AlmaLinux 10.0 のリリースノートには、RHEL 10 が x86-64-v3 を前提にして古い CPU を切ったのに対し、AlmaLinux は古いハードウェア向けに x86-64-v2 のビルドも提供すると書かれています。VPS で借りる分には基本的に気にしなくてよい話ですが、手元の古い実機で検証したい場合には効いてきます。

サポート期限は AlmaLinux Wiki のリリースノートに記載があります(2026年8月19日確認)。

バージョンアクティブサポートセキュリティサポート
AlmaLinux 82024年5月31日まで(終了)2029年5月31日まで
AlmaLinux 92027年5月31日まで2032年5月31日まで
AlmaLinux 102030年5月31日まで2035年5月31日まで

新規に立てるなら 9系か10系 です。

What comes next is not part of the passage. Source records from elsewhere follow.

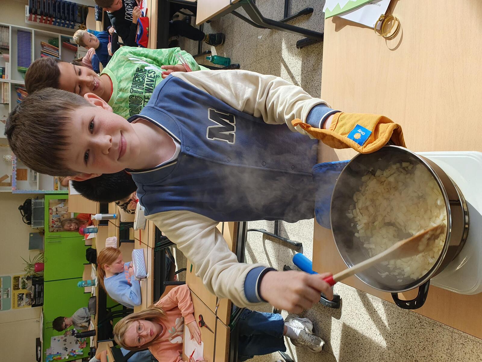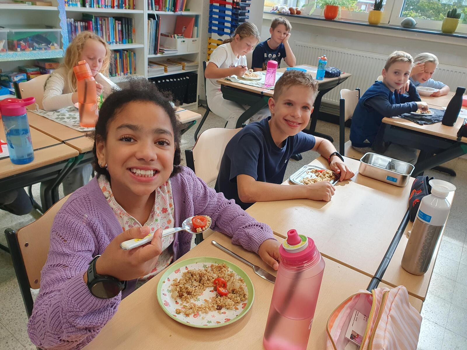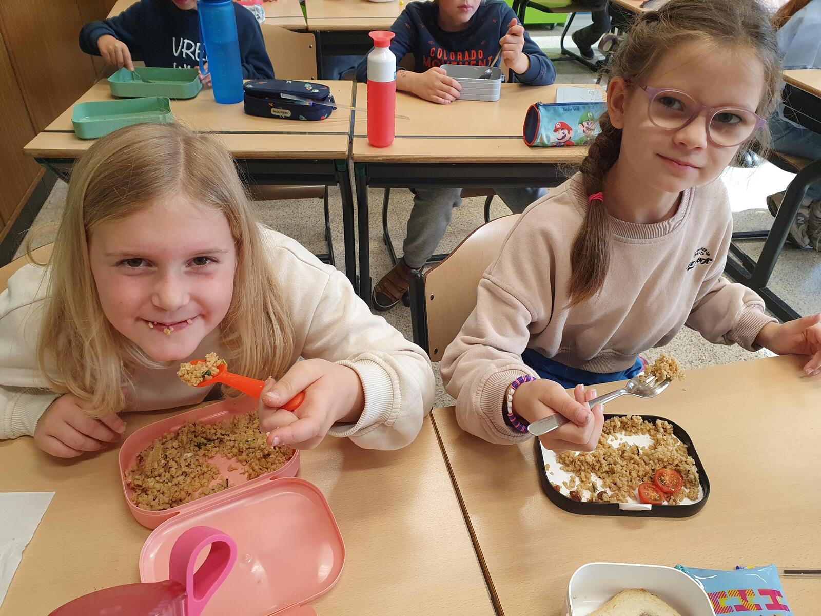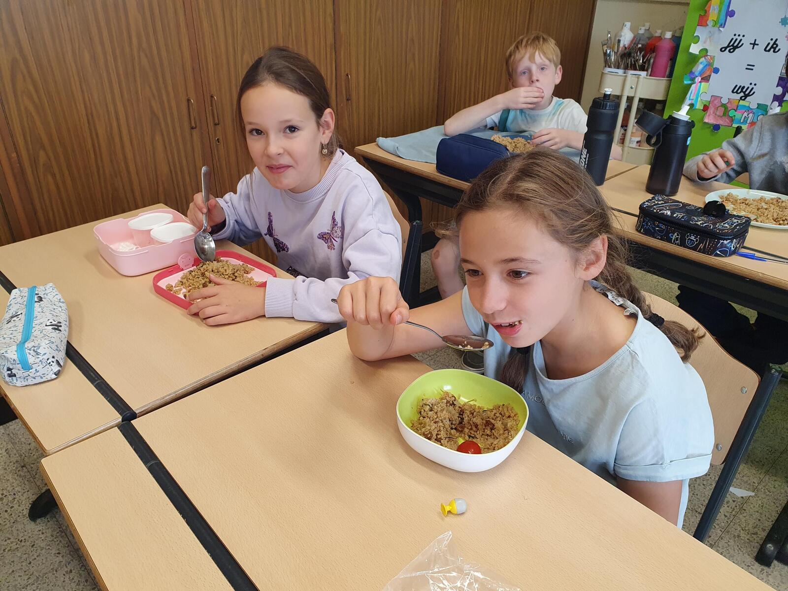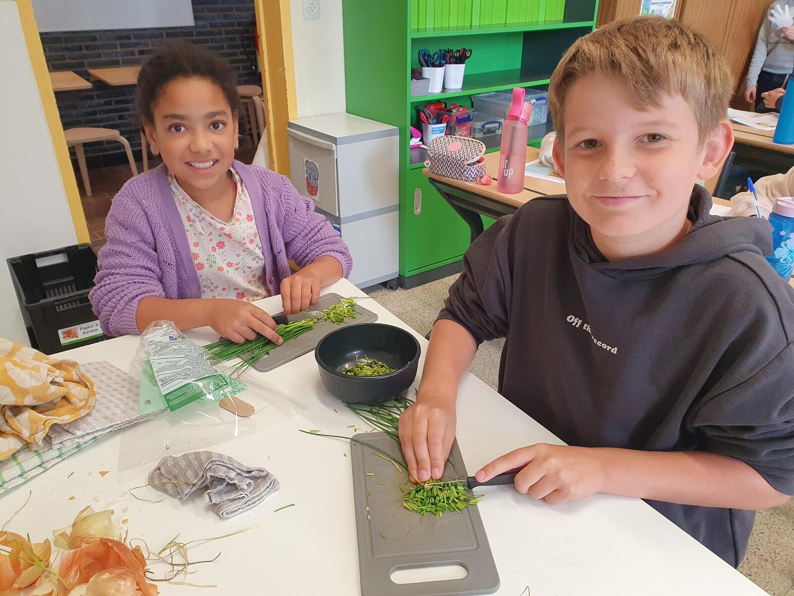 4e en 5e leerjaar gaat aan de slag met een kookpakket met producten uit de wereldwinkel. Ook deze leerkrachten duiden de herkomst van de producten.
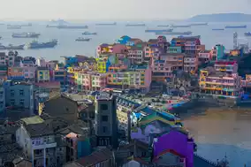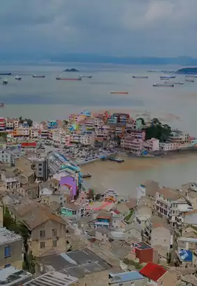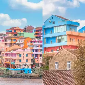 After getting the car, you can go directly to Xiaoruo Village (just navigate to Xiaoruo Village), which is the place known as the "Five Fishing Villages" of the East. It takes about an hour and a half to drive from Taizhou West Station. The road conditions are good and beginners don't have to worry. The buildings here are colorful, like a palette overturned by God. In the afternoon, you can stroll around the small fishing village, eat a bowl of fresh seafood noodles, and sometimes if you are lucky, you can see the local fishing boats coming back to unload the caught fish. At sunset in the evening, climb to the top of Kirin Mountain (the last section is a bit steep, wear comfortable shoes) to watch the beautiful sunset of Xiaoruo Village.
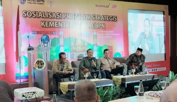 Salahsatu langkahnya dengan menggelar Sosialisasi Program Strategis Kementrian ATR/BPN yang dilaksanakan di Ballroom Hotel Anugerah, Jalan Suryakencan, Kota Sukabumi, Jum’at (1/12/2023).
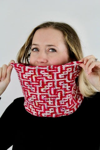 A mosaic knit cowl design by Megan Gonzalez
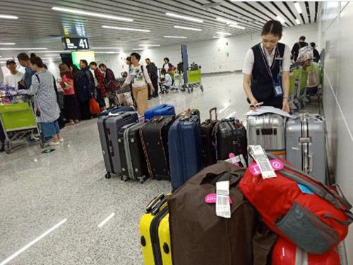 ▲臺風來臨前,地鐵乘務員正在為地鐵站做好防汛工作。
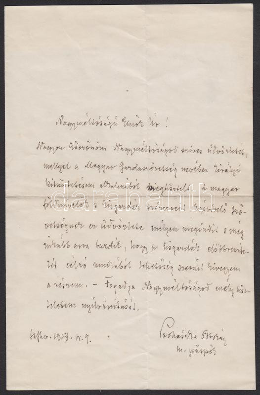 https://www.darabanth.com/en/154-Online-auction/154.0/Postcards/Historical-documents-manuscripts~6000209/1918-Prohaszka-Ottokar-szekesfehervari-puspok-autograf-levele~II479010
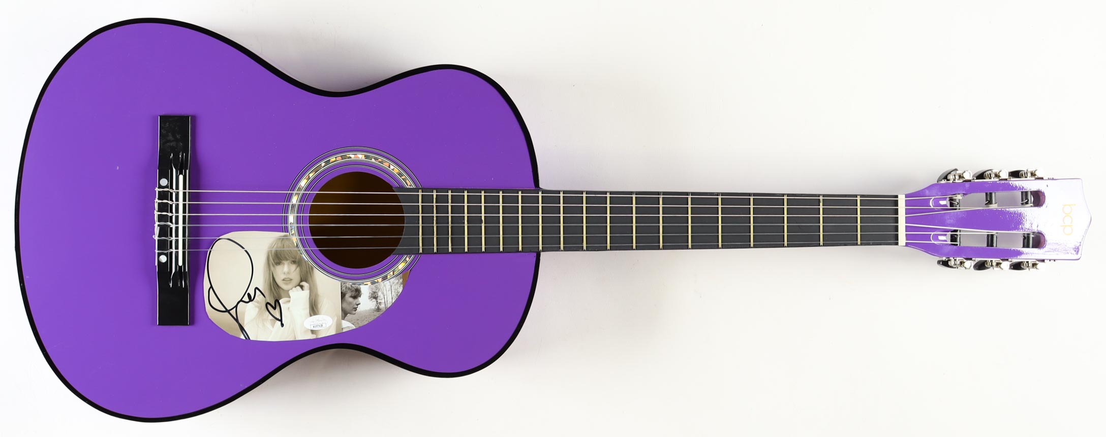 BCP Acoustic guitar measures approximately 38" in length and has been hand-signed on a CD cover that has been repurposed as a pick-guard by Taylor Swift.
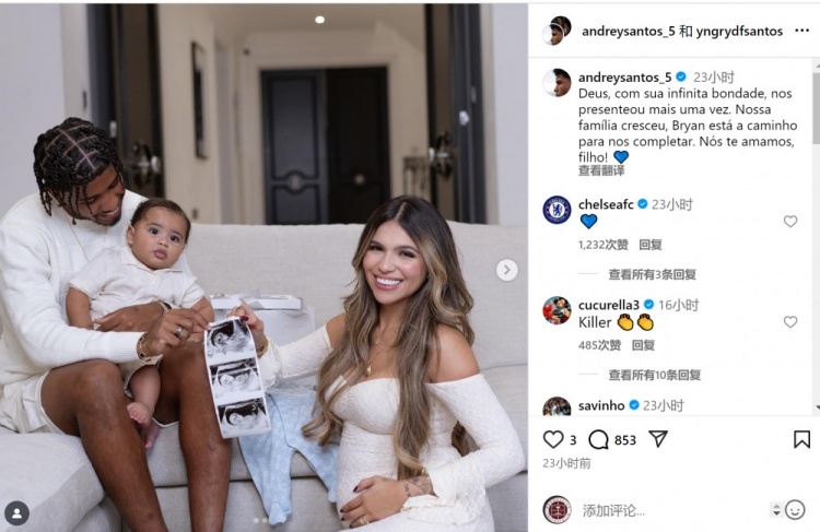 2025-10-17 08:15:37恭喜!安德烈-桑托斯社媒晒一家合照,宣布妻子怀二胎
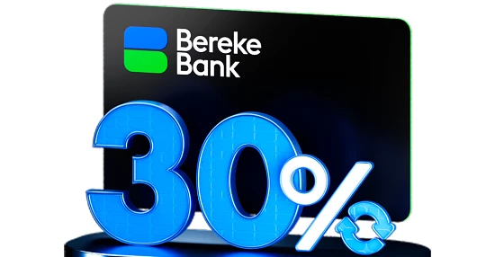 Пластиковая моновалютная премиум-карта Bereke Premium (MasterCard World Elite) в USD или EUR на 5 лет. 3% кешбэк на все покупки, проходы в бизнес-залы LoungeKey, консьерж-сервис. Обслуживание карты беcплатное.
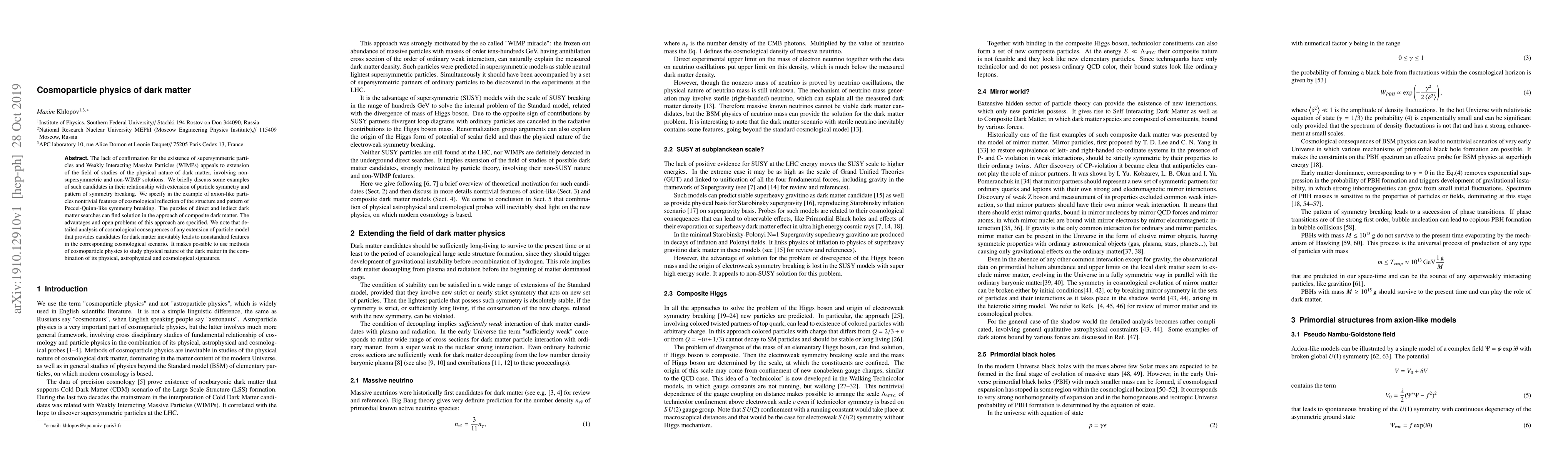 The lack of confirmation for the existence of supersymmetric particles and Weakly Interacting Massive Particles (WIMPs) appeals to extension of the field of studies of the physical nature of dark matter, involving non-supersymmetric and non-WIMP solutions. We briefly discuss some examples of such candidates in their relationship with extension of particle symmetry and pattern of symmetry breaking. We specify in the example of axion-like particles nontrivial features of cosmological reflection of the structure and pattern of Peccei-Quinn-like symmetry breaking. The puzzles of direct and indiect dark matter searches can find solution in the approach of composite dark matter. The advantages and open problems of this approach are specified. We note that detailed analysis of cosmological consequences of any extension of particle model that provides candidates for dark matter inevitably leads to nonstandard features in the corresponding cosmological scenario. It makes possible to use methods of cosmoparticle physics to study physical nature of the dark matter in the combination of its physical, astrophysical and cosmological signatures.
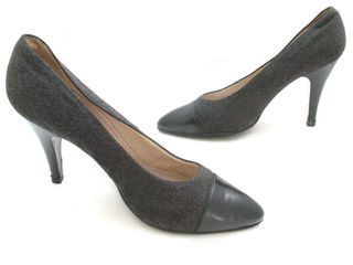 ESCARPINS CHANEL AUTHENTIQUES TAILLE 38 DE COULEUR GRIS ET NOIR CUIR NOIR ET FLANELLE TWEED GRIS FONCE TALONS : 10 CM PATINS + TOPY REFAITS PAR UN CORDONNIER BO
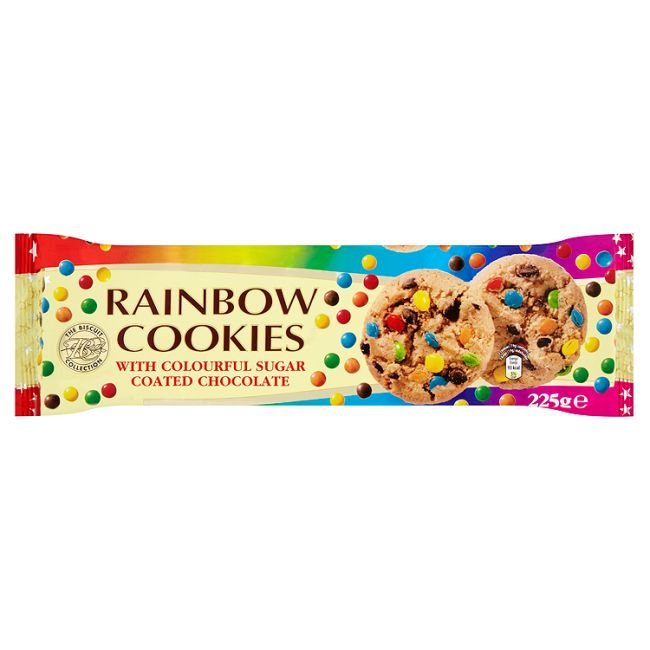 Cookies with 21% sugar coated chocolate and 14% dark chocolate.
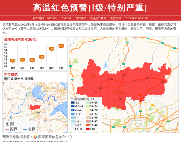 德清县气象台发布高温红色预警[Ⅰ级/特别严重]
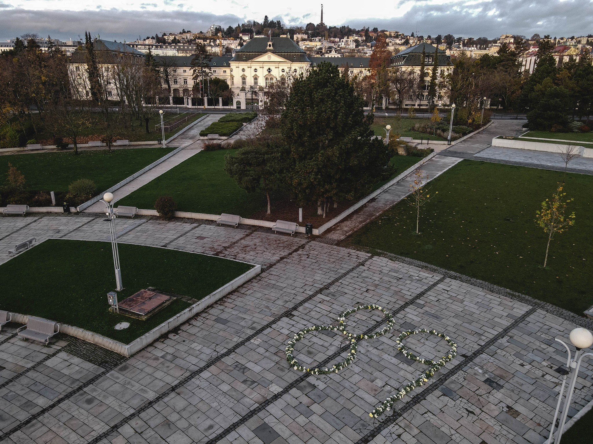 FOTO: Na viacerých námestiach vytvorili z kvetov čísla 89 - snáď prežijú aj dnešné protesty...
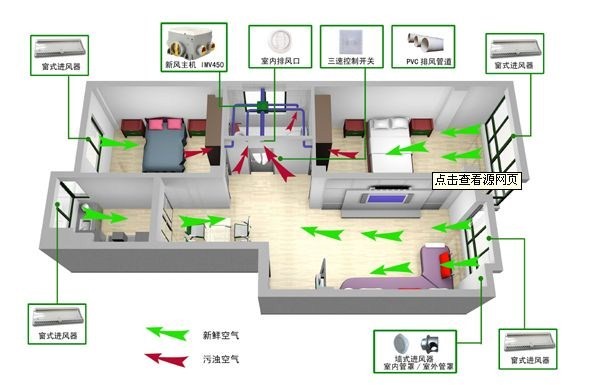 其工作原理為“強制排風,自然進風”,即由安裝在浴室衛(wèi)生間等吊頂上方的新風機持續(xù)向外排風,使室內(nèi)產(chǎn)生負壓;在負壓源的引導下,室外新風經(jīng)安裝在客廳、餐廳、臥室、書房等處外墻或窗戶上的進風口進入室內(nèi)。
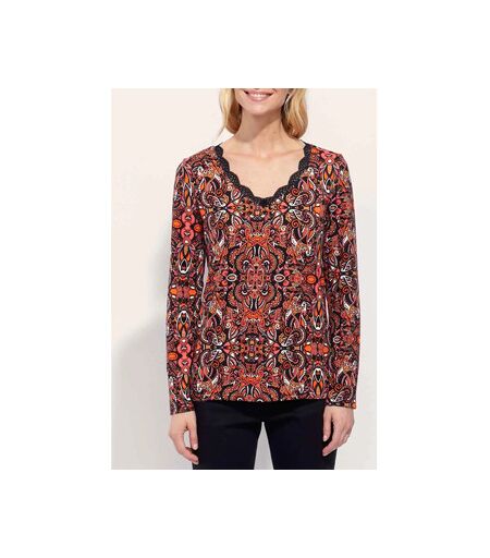 Blouses La Fiancee Du Mekong Top imprimé maille chaude dentelle TAMA Orange
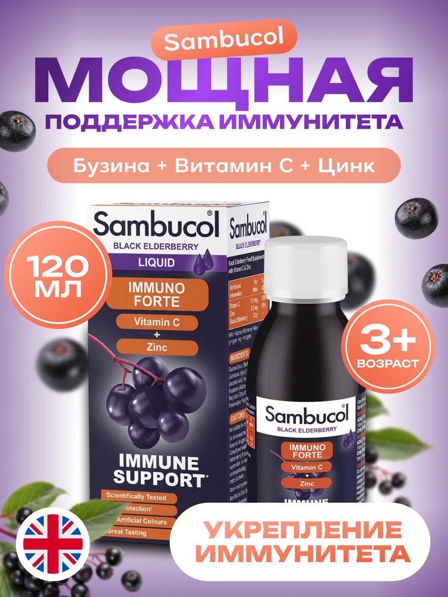 Sambucol Immuno Forte Liquid – Комплекс для укрепления иммунитета на основе чёрной бузины, витамина C и цинка
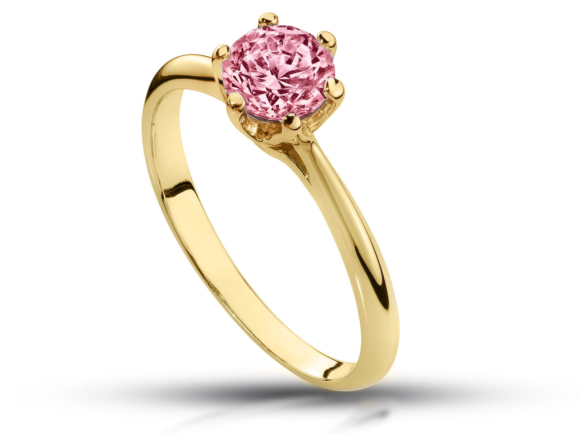 Klasyczny pierścionek z różowym moissanitem 0,80 ct – żółte złoto 585 – solidna, wyeksponowana oprawa – ABgold | Baczyński
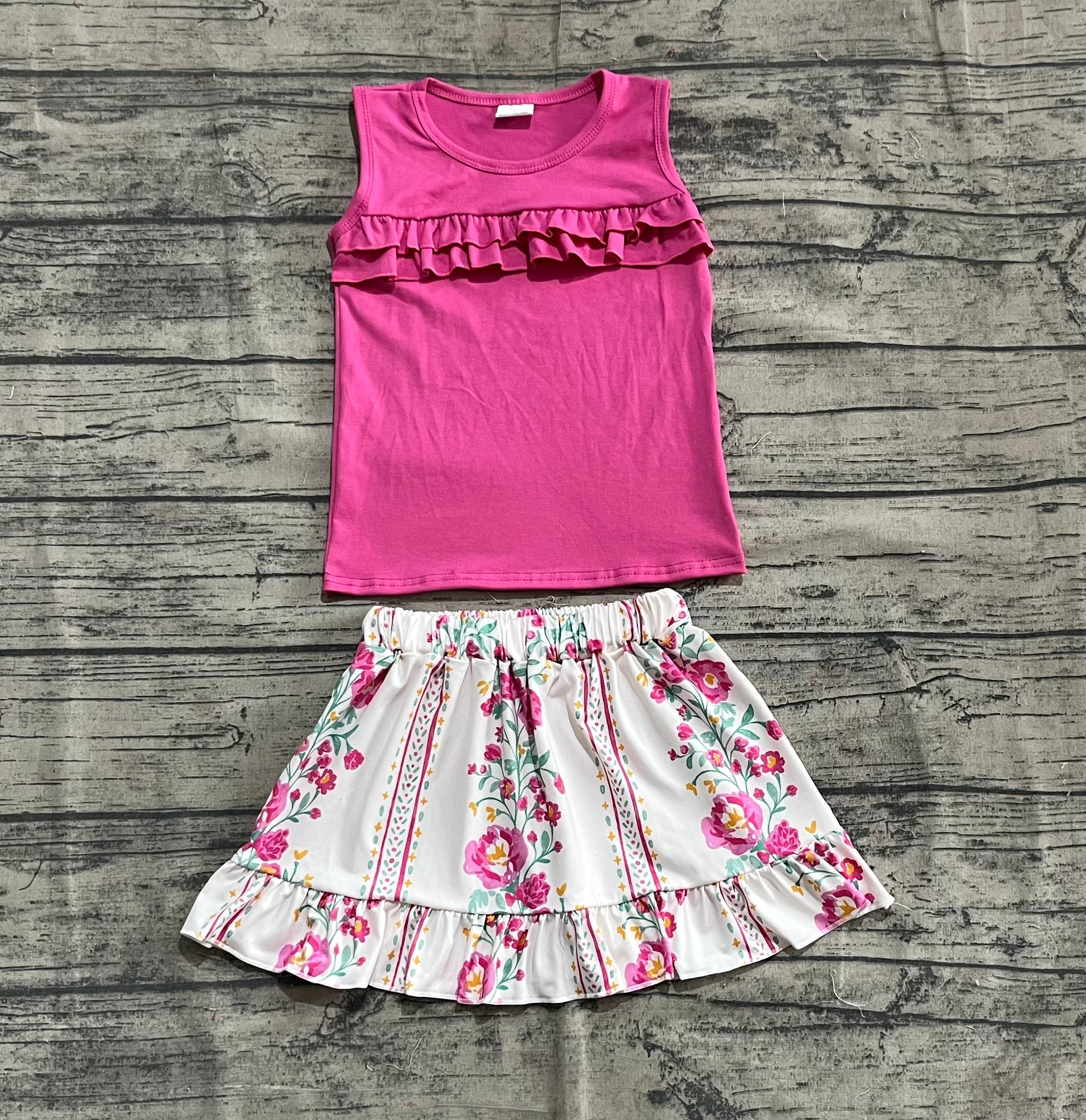 GSD2104 Solid Rose Red Sleeveless Flower Leaf Striped Skirt Set D 4.21
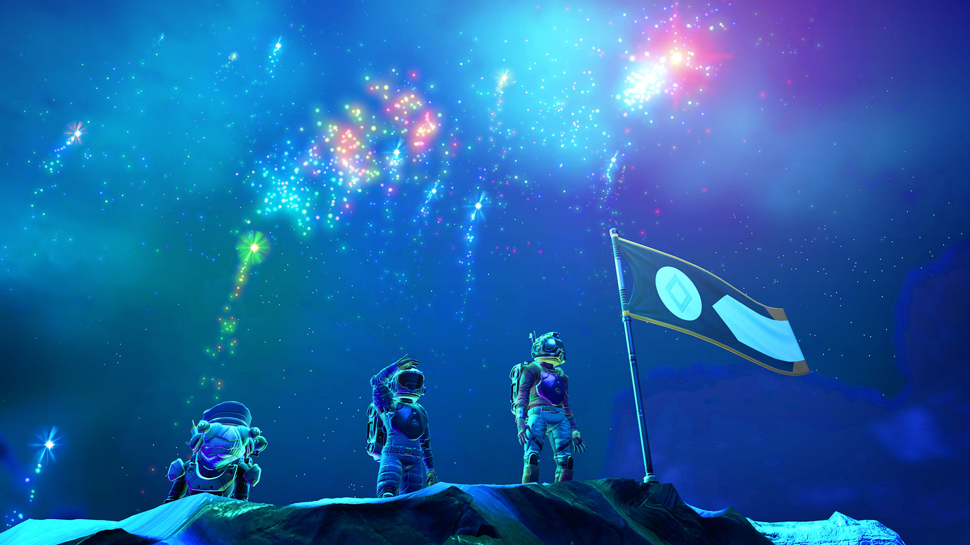 - Missions communautaires : Une nouvelle mission de recherche communautaire permettra aux joueurs de partager leur progression lorsqu’ils suivront un objectif commun. Les joueurs pourront découvrir ensemble le monde de la mise à jour « Visions » et débloquer le casque « L’œil de Korvax », tout comme de nouvelles émoticônes et pièces de construction.
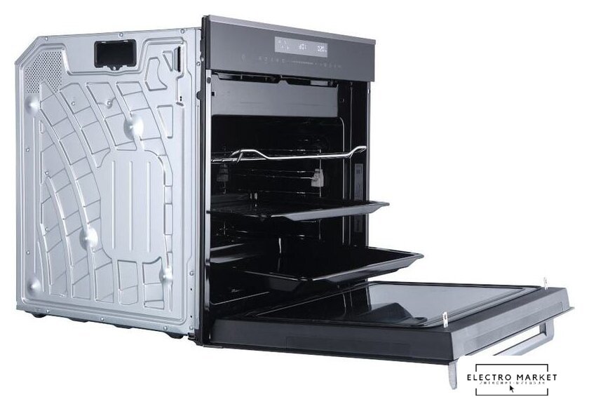 электрический с конвекцией, объем 70 л, утапливаемые переключатели, 8 режимов, очистка каталитическая, 3 стекла в дверце, направляющие проволочные + телескопические (1 уровень)
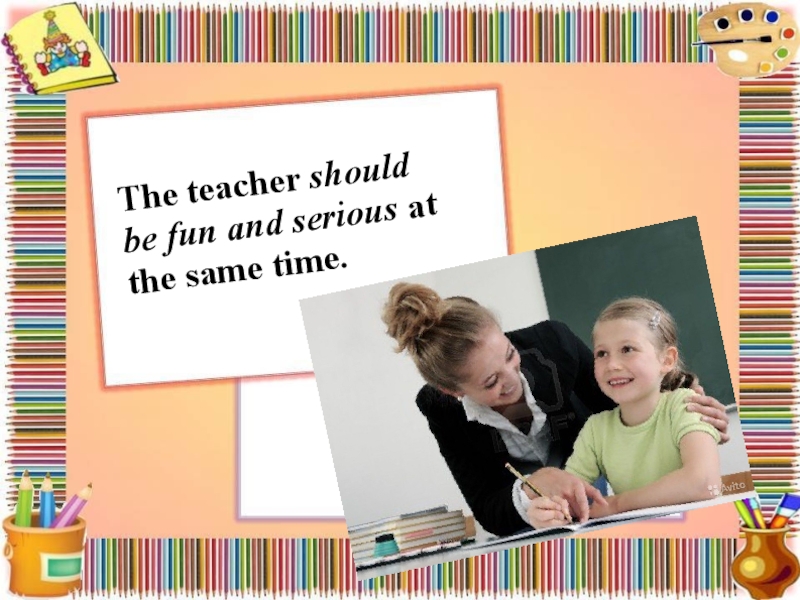 Слайд 5The teacher should be fun and serious at the same time.

10系はリリースが新しい分、周辺ツールやミドルウェアの対応状況を先に確認しておくと安全です。案件で「既存サーバーと合わせて」と言われた場合はそれに従ってください。

そして本題ですが、この記事で扱う3点の差分は、AlmaLinux でも Rocky Linux でもまったく同じです。dnffirewalldSELinux は RHEL 系共通の仕組みだからです。どちらを選ぶかで悩んで手が止まっているなら、先に進んでしまってかまいません。

なお役割分担として、系統そのものの選び方(Debian 系か RHEL 系か)は 94 の記事が担当、この記事は「RHEL 系に決めた後の読み替え」が担当です。まだ決めきれていない場合は先にそちらを読んでください。

差分①:パッケージ管理が apt から dnf に変わる

いちばん最初にぶつかるのがこれです。apt は入っていません。RHEL 系のパッケージ管理は dnf(RPM パッケージを扱うフロントエンド)です。

apt → dnf コマンド対応表

Ubuntu の手順書を読み替えるときは、この表を横に置いておけばだいたい足ります。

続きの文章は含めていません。